As Toyota workers in Cambridge and Woodstock prepare to vote on whether to certify Unifor as their union, Unifor is hinting at what might be included in a collective agreement if the workers choose to unionize.
On Tuesday, Unifor released a new charter outlining the top priorities of almost 1,000 workers surveyed during the organizing drive and how Unifor plans to address their concerns.
The rights of contract workers at the plants topped the list of concerns. Of those surveyed, 67 per cent thought that contract workers should be made full-time workers with seniority and just under 90 per cent thought that contract workers should receive retroactive pension credits for years of service.

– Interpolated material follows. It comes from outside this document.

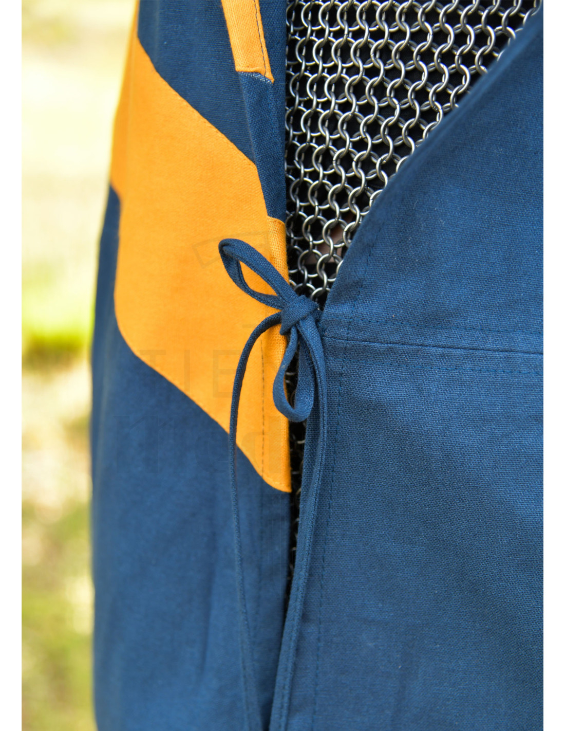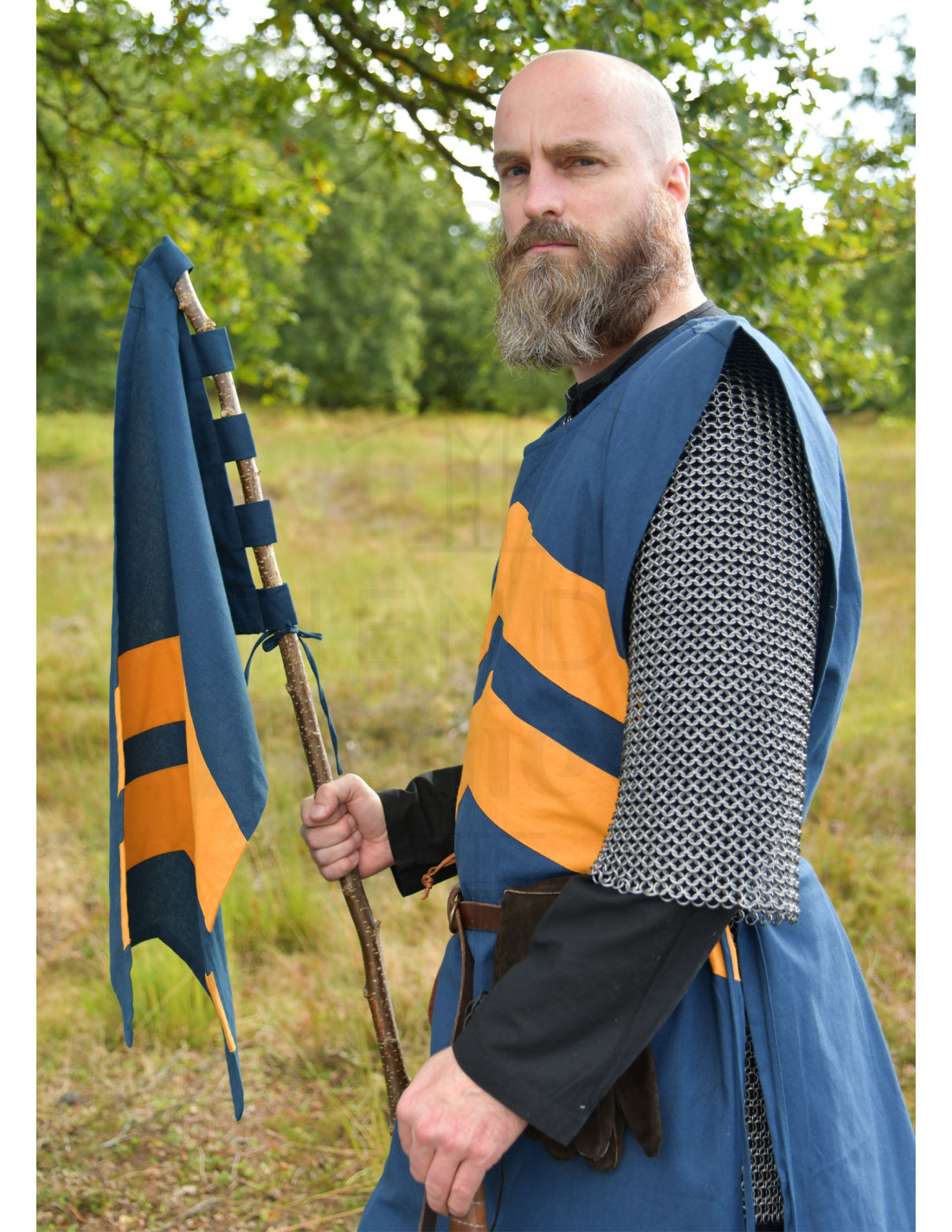 Vuoi distinguerti nella tua prossima rievocazione storica o evento medievale con un tocco autentico e accattivante? Questo design a righe blu e giallo attira gli sguardi e rende facile riconoscerti all’istante, sia in battaglie scenografate che in fiere e sessioni fotografiche.

Workers also want to ensure that there are protections against layoffs, as well as recall rights. In addition, there are concerns about everything from pensions to dental and vision plans.
In response, Unifor is proposing what they are calling a "made-for-Toyota" agreement, which will include trying to make all contract employees permanent. The comprehensive document addresses everything from increasing wages to creating opportunities for workers to improve their skills and have a better work-life balance.
Releasing the charter to the public a week before the vote is part of a strategy to ensure that workers at both plants have as much information as possible before the vote next week.
"Ensuring that people are making an informed decision -- that is a primary objective," explained Unifor national director of organizing John Aman.
Unifor is still busy organizing -- campaigners will be trying to get union cards signed right up to the day of the certification vote.
The push is important, not just for the workers at Toyota, but for those trying to organize auto workers across North America.
"It's definitely going to be an important victory, not just for the Toyota employees themselves, but for Unifor and the Canadian movement," said Aman said.